I am baffled by Allegra Goodman’s The Cookbook Collector, and I think the issue is one of expectations. Don’t get me wrong, it’s a pleasant read, the story of two dissimilar sisters in Northern California at the turn of the twenty-first century. Emily, who works in what we used to call “high tech,” is the rational, driven one: Jessamine, a philosophy PhD. at Berkeley, is all feelings and intuition and impracticality. Their mother died when they were small, their father had high ambitions for the girls, and poor communication skills. When the story begins, Emily’s company Veritech is about to go public.
I don’t know very much about Northern California and what I know about that era of the tech business comes from Michael Crichton, so I enjoyed the setting. (There was a fair amount of overlap between Crichton and Goodman, but then I believe Crichton was a demon for research.) But as I read further about the two sisters, their love lives, their friends, their preoccupations, I kept waiting for something to happen, and reader, it didn’t. I was not moved. Nor was I provoked. Every now and then Goodman dwelt on something interesting: the section of the book that deals with the effect of anticipating and receiving sudden enormous wealth was intriguing. But I was waiting for something more.
Now, it is entirely possible that I missed the point.

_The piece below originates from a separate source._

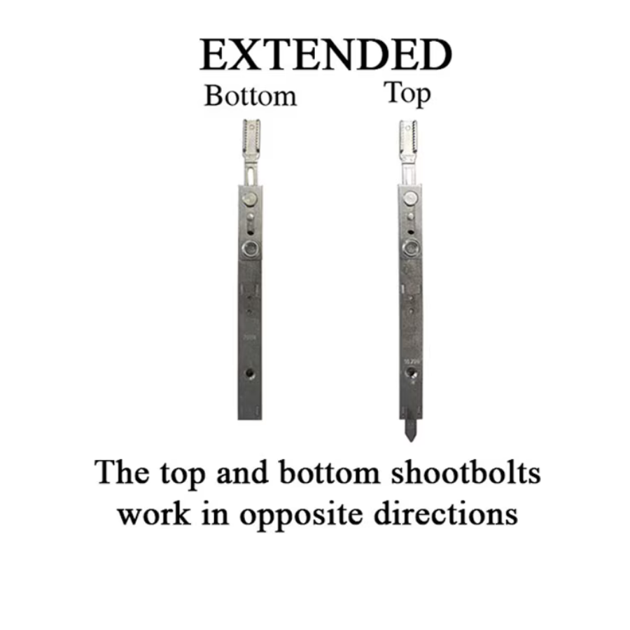 Active door deadbolt enters receiving hole in face of inactive lock but only when inactive handles have been lifted and shootbolts engaged. When handles of inactive lock are turned up and shootbolts engaged, the mechanism in the receiver hole lifts up allowing the deadbolt to fit inside. SO BASICALLY: unless passive door is shut and shootbolts engaged, active door cannot be locked.
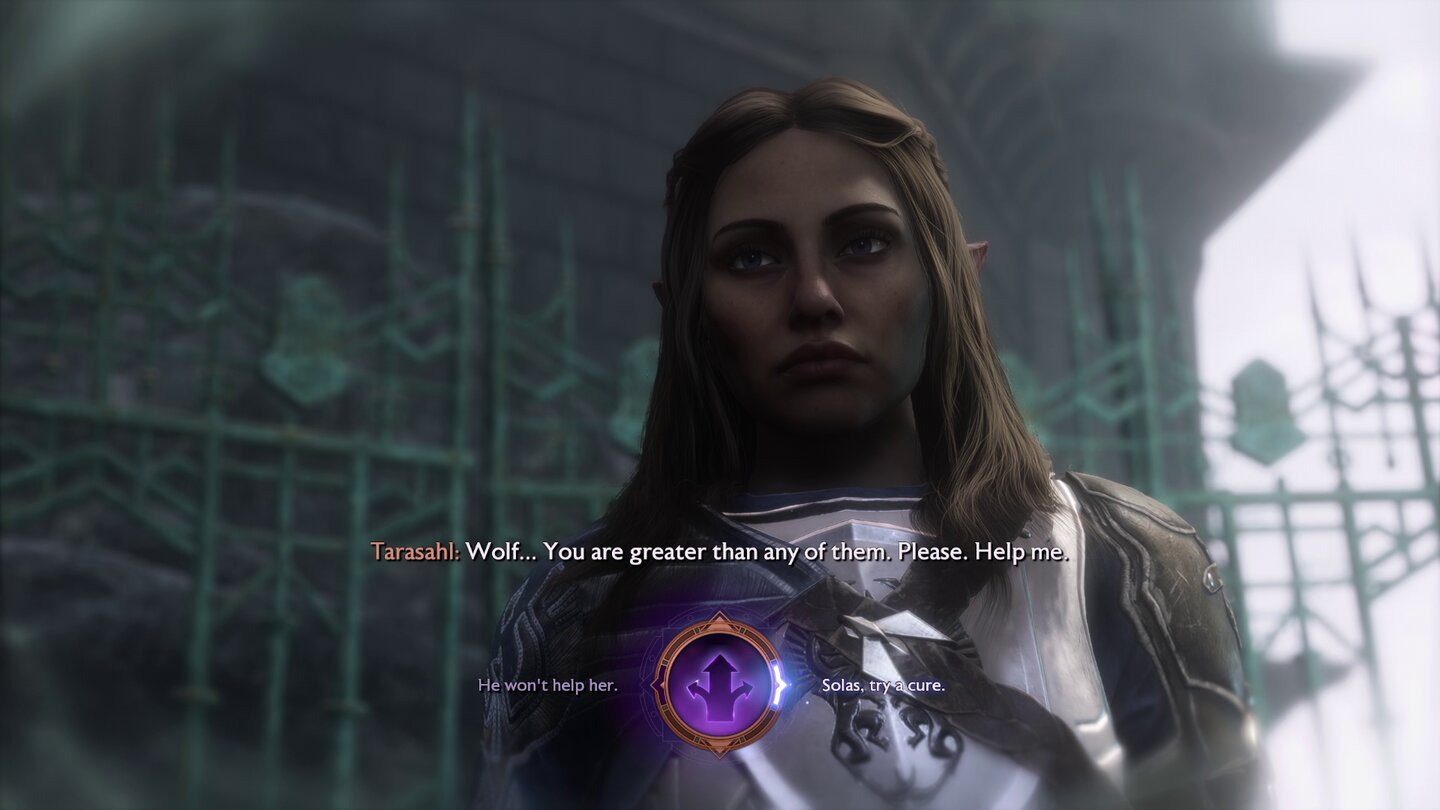 In dem kurzen Abschnitt in der Vergangenheit erkunden wir in der Rolle eines Agenten von Solas das Labor der Elfenhöttin Ghilan'nain. Hier finden wir heraus, dass sie mit der Verderbnis und der Dunklen Brut experimentiert hat. Gegen Ende des Abschnitts wird eine andere Agentin von Ghilan'nain mit Verderbnis infiziert und Solas eilt an ihre Seite. Hier können wir entscheiden, wie der Dreadwolf vorgeht: Versucht er die Agentin zu heilen oder verpasst er ihr den Gnadenstoß?

I get that Emily and Jessamine, with their opposing temperaments, nod toward Jane Austen and I made a token effort to try to squash Jess’s two love interests into the Sense and Sensibility mold. They almost fit — but that didn’t tell me much. And I didn’t know at all what to make of the cookbook collector of the title, who enters the book quite late. Is he a spectre, the fellow we may turn into if we don’t grasp life’s opportunities? Or is that George Friedman, Jess’s boss, in the early portions of the novel? (Goodman has the courage to make this guy quite dislikable, I’ll give her that.) Another problem for me was that many of the secondary characters seemed schematic, conjured into being because they served a function. Leon the tree sitter, for instance, seemed especially two-dimensional, representing the flaky side of Berkeley and the flaky side of Jess.
Nor, strangely, did I find much of the novel moving, despite the sisters’ relationships, the death of the mother, even the letters the mother left for her daughters to read on their birthdays. Even a death late in the book. Weirdly, even the gastronomic writing left me cold: Goodman goes into a lot of description in the cookbook section. She’s meticulous on food and home decor and I really love this stuff normally. Yet there was a particularly awkward dinner party scene in which characters’ personae were compared to various wines. I expected high ambitions from this novel. Goodman is marketed as literary and given the attention the book has received, I looked for more than I found here.